WHAT YOU ARE ASKED TO DO: Please repeat every entry exactly as written, but skip the pictures.

Extracted data entries:
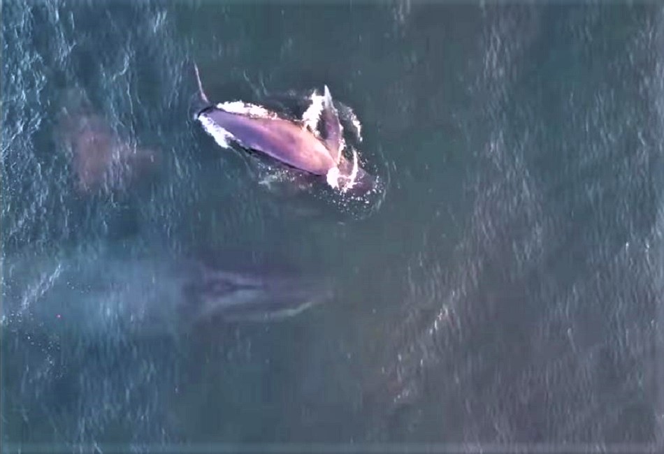 “Estaba como a 800 metros de la costa, y volé mi dron para acercarme y para mi sorpresa es que no era una sino dos mamíferos, una ballena acompañada de su ballenato”, señaló.
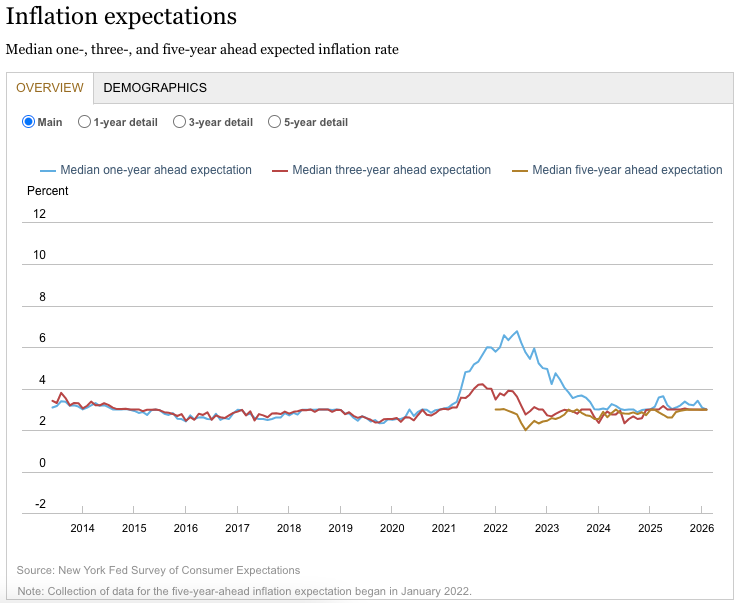 🎈 Inflation expectations were mostly unchanged. From the New York Fed’s February Survey of Consumer Expectations: “Median inflation expectations in February declined by 0.1 percentage point at the one-year-ahead horizon to 3.0% and remained steady at the three-year and five-year-ahead horizons at 3.0%.”
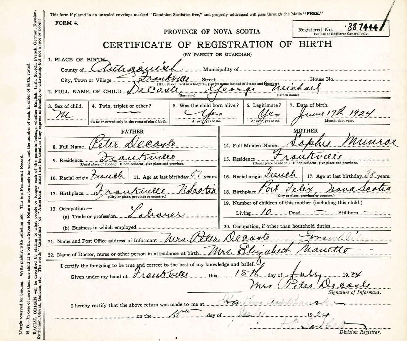 Male Birth Registration: Year: 1924 number: 38700444
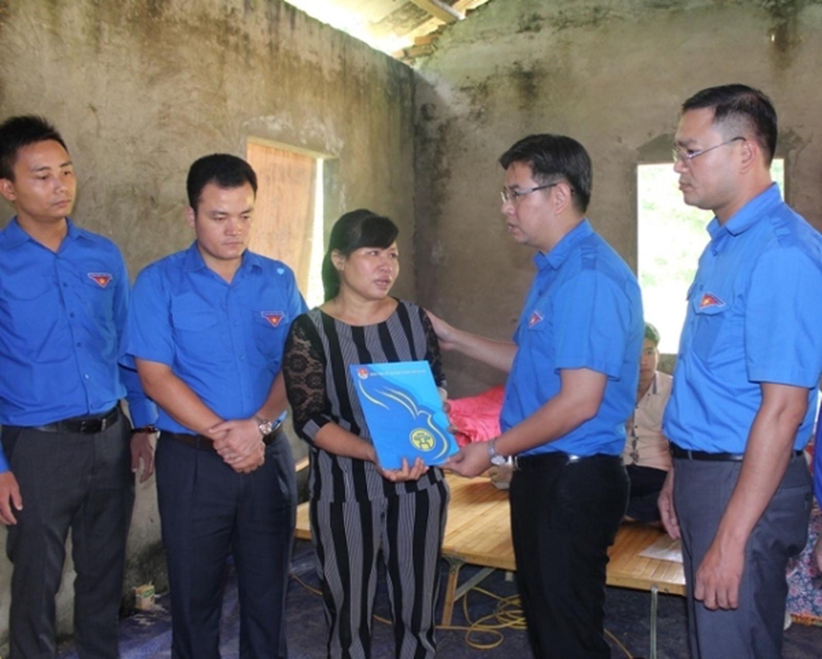 Thành đoàn Hà Nội tặng hiện vật cho các hộ gia đình bị thiệt hại do thiên tai tại Lào Cai. Ảnh: QT
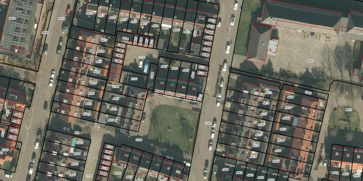 Het perceel waarop Ruusbroecstraat 46 staat heeft een oppervlakte van 123 m². Dit is een middelgroot perceel. De perceeloppervlakte wordt geregistreerd door het Kadaster. Gedetailleerde informatie over de maten van dit perceel kunt u vinden in het rapport Kadastrale kaart met maatvoering van Ruusbroecstraat 46.
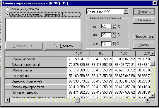 1.Определяются ключевые факторы ИП. Для этого предлагается применять анализ чувствительности по всем факторам (цена реализации, рекламный бюджет, объём продаж, себестоимость продукции и т. д.), используя специализированные пакеты типа Project Expert и Альт-Инвест, что позволит существенно сократить время расчётов. В качестве ключевых выбираются те факторы, изменения которых приводят к наибольшим отклонениям чистой текущей стоимости (NPV).
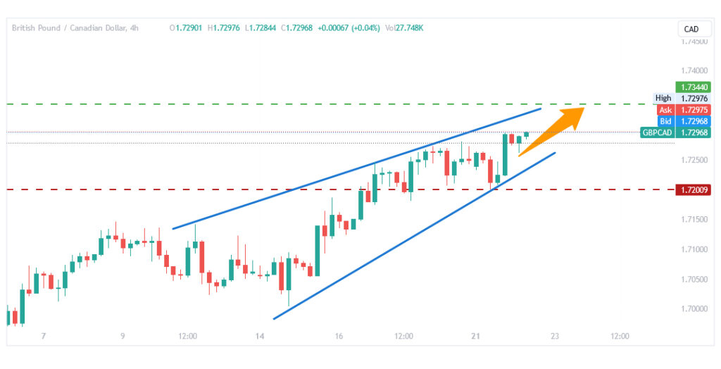 GBPCAD คู่นี้เป็น pattern แบบ Rising Wedge โดยรูปแบบราคาจาก Time frame 4 ชั่วโมง

RESPONSE TO THE EXERCISE:
 “Estaba como a 800 metros de la costa, y volé mi dron para acercarme y para mi sorpresa es que no era una sino dos mamíferos, una ballena acompañada de su ballenato”, señaló.
 🎈 Inflation expectations were mostly unchanged. From the New York Fed’s February Survey of Consumer Expectations: “Median inflation expectations in February declined by 0.1 percentage point at the one-year-ahead horizon to 3.0% and remained steady at the three-year and five-year-ahead horizons at 3.0%.”
 Male Birth Registration: Year: 1924 number: 38700444
 Thành đoàn Hà Nội tặng hiện vật cho các hộ gia đình bị thiệt hại do thiên tai tại Lào Cai. Ảnh: QT
 Het perceel waarop Ruusbroecstraat 46 staat heeft een oppervlakte van 123 m². Dit is een middelgroot perceel. De perceeloppervlakte wordt geregistreerd door het Kadaster. Gedetailleerde informatie over de maten van dit perceel kunt u vinden in het rapport Kadastrale kaart met maatvoering van Ruusbroecstraat 46.
 1.Определяются ключевые факторы ИП. Для этого предлагается применять анализ чувствительности по всем факторам (цена реализации, рекламный бюджет, объём продаж, себестоимость продукции и т. д.), используя специализированные пакеты типа Project Expert и Альт-Инвест, что позволит существенно сократить время расчётов. В качестве ключевых выбираются те факторы, изменения которых приводят к наибольшим отклонениям чистой текущей стоимости (NPV).
 GBPCAD คู่นี้เป็น pattern แบบ Rising Wedge โดยรูปแบบราคาจาก Time frame 4 ชั่วโมง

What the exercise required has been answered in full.